This course will cover these latest technologies. In the first half, students will learn about cloud storage infrastructure for handling large-scale data, parallel processing models, and the MapReduce framework. The second half will focus on privacy-preserving techniques in data science and machine learning, including differential privacy, secure computation, and federated learning. The course aims to provide students with the necessary skills to manage and utilize large-scale data throughout its entire lifecycle.

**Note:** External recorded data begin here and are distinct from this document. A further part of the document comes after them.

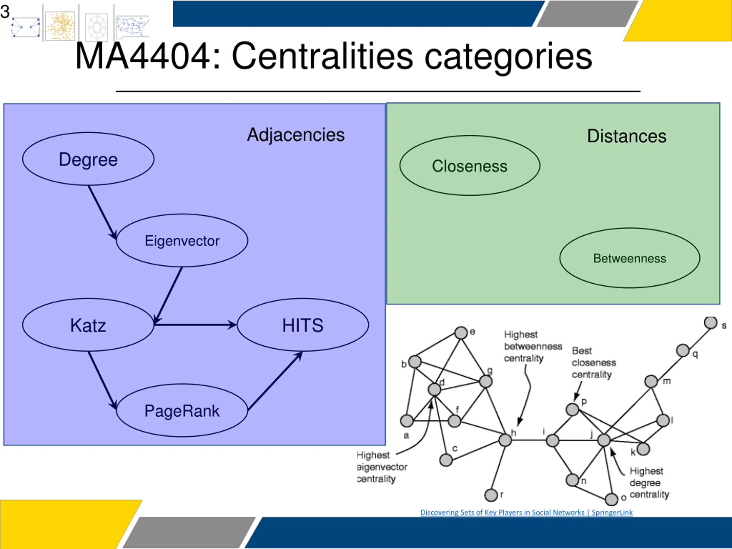 3 MA4404: Centralities categories Adjacencies Distances Degree Closeness Eigenvector Betweenness Katz HITS PageRank Discovering Sets of Key Players in Social Networks | SpringerLink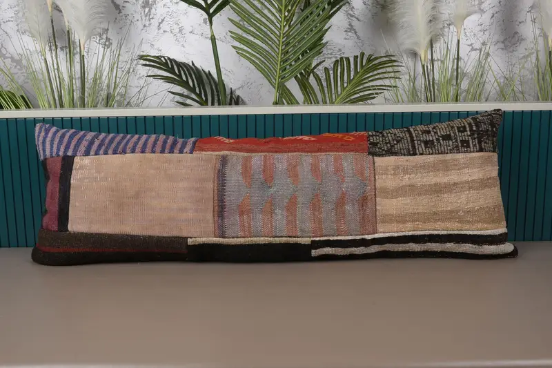 Handgefertigtes Patchwork-Wurfkissen in Beige und Bronze, 16 x 48 Vintage-Kissen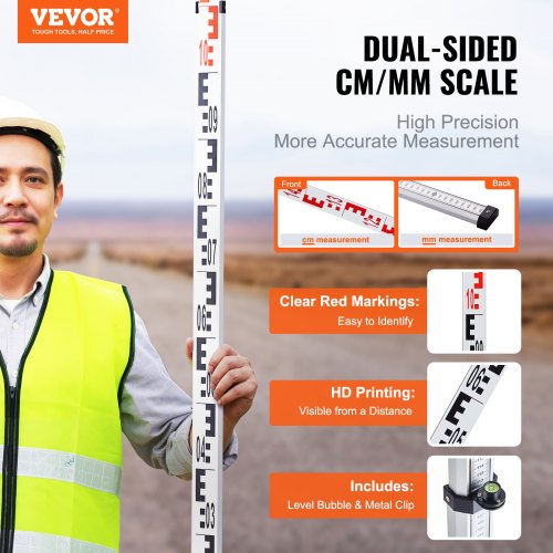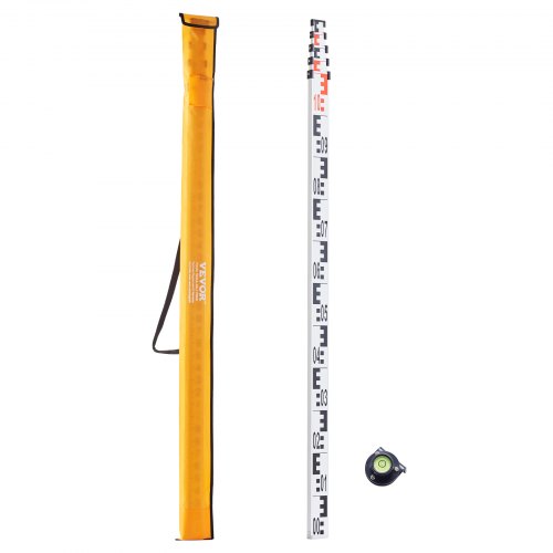 VEVOR Asta di Misurazione 5 m Asta di Misurazione Telescopica Metrica in Alluminio, Scala Bifacciale in CM/MM Asta di Livellamento, Livella a Bolla e Borsa da Trasporto per Misurare Case, Pavimenti

Course description and aims

By completing this course, students will acquire the following:
- Fundamentals and Applications of Large-Scale Data Management
- Understanding of Cloud Infrastructure and Distributed Data Processing Technologies
- Comprehension of Parallel Processing and High-Performance Computing
- Fundamentals and Applications of Privacy-Preserving Technologies
- Data Lifecycle and Secure Data Management

Keywords

Large-scale data processing, Cloud storage, Distributed data processing, Parallel computing, MapReduce framework, Privacy-preserving technology, Differential privacy, Data lifecycle management

Competencies

  • Specialist skills
  • Intercultural skills
  • Communication skills
  • Critical thinking skills
  • Practical and/or problem-solving skills

Class flow

Students must thoroughly review the subjects described in the required learning section and study their related topics by themselves after each class.

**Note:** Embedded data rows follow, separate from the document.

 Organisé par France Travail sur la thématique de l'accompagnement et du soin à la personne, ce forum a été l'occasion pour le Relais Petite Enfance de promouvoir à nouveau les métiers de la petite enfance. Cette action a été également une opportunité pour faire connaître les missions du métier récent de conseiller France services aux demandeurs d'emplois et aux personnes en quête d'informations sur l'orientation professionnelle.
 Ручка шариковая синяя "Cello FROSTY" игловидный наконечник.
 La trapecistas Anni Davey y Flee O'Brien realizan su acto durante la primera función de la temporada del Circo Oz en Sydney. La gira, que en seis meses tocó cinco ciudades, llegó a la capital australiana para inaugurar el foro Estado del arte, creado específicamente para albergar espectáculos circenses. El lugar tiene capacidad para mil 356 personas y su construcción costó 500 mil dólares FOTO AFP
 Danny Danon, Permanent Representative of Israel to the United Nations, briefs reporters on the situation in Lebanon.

Course schedule/Objectives

Course schedule Objectives
Class 1

Large-scale Data Management

Cloud services for modern large-scale data management

Class 2

Data Model and Consistency Model of Key-Value Store

Understanding the properties of distributed key-value stores

Class 3

Data Distribution and High Availability in Cloud Storage

Understanding data distribution methods and high availability in cloud storage

Class 4

Organization of Cloud Storage

Understanding distributed algorithms used in cloud storage and their purposes

Class 5

MapReduce Framework and Its Computational Model

Understanding the advantages of the MapReduce framework

Class 6

Large-Scale Text Processing Algorithms Using MapReduce

Understanding the algorithm for building an inverted index with MapReduce

Class 7

Large-Scale Graph Processing Algorithms Using MapReduce

Understanding the PageRank algorithm with MapReduce

Class 8

Data Lifecycle

Understanding the lifecycle of data collection, analysis, and sharing

Class 9

Risks in Data Management

Understanding privacy attacks

Class 10

Privacy-Preserving Techniques 1: Differential Privacy

Basics and applications of differential privacy

Class 11

Privacy-Preserving Techniques 2: Secure Computation

Basics and applications of secure computation

Class 12

Privacy-Preserving Techniques 3: Federated Learning

Basics and applications of federated learning

Class 13

Privacy-Preserving Data Management

Techniques for secure data collection, analysis, and sharing

Class 14

Privacy-Preserving Machine Learning

Applications of privacy-preserving techniques in machine learning and large-scale AI

Study advice (preparation and review)

To enhance effective learning, students are encouraged to spend approximately 100 minutes preparing for class and another 100 minutes reviewing class content afterwards (including assignments) for each class.
They should do so by referring to textbooks and other course material.

Textbook(s)

None required. Handouts used in class can be found on Science Tokyo LMS.

Reference books, course materials, etc.

[Reference books]
J. Lin, C. Dyer, "Data-Intensive Text Processing with MapReduce", Morgan & Claypool Publisher
Dwork, Cynthia, and Aaron Roth. "The algorithmic foundations of differential privacy." Foundations and Trends® in Theoretical Computer Science 9.3–4 (2014): 211-407.

Evaluation methods and criteria

Students will be assessed on their understanding of large-scale data processing, cloud storage, distributed data processing, and trustworthy data management. Students’ course scores are based on quizzes (20%), a midterm assignment (40%) and a term-end assignment (40%).

Related courses

  • CSC.T438 : Distributed Algorithms

Prerequisites

Having the following knowledge is desirable:
- Distributed algorithms
- Databases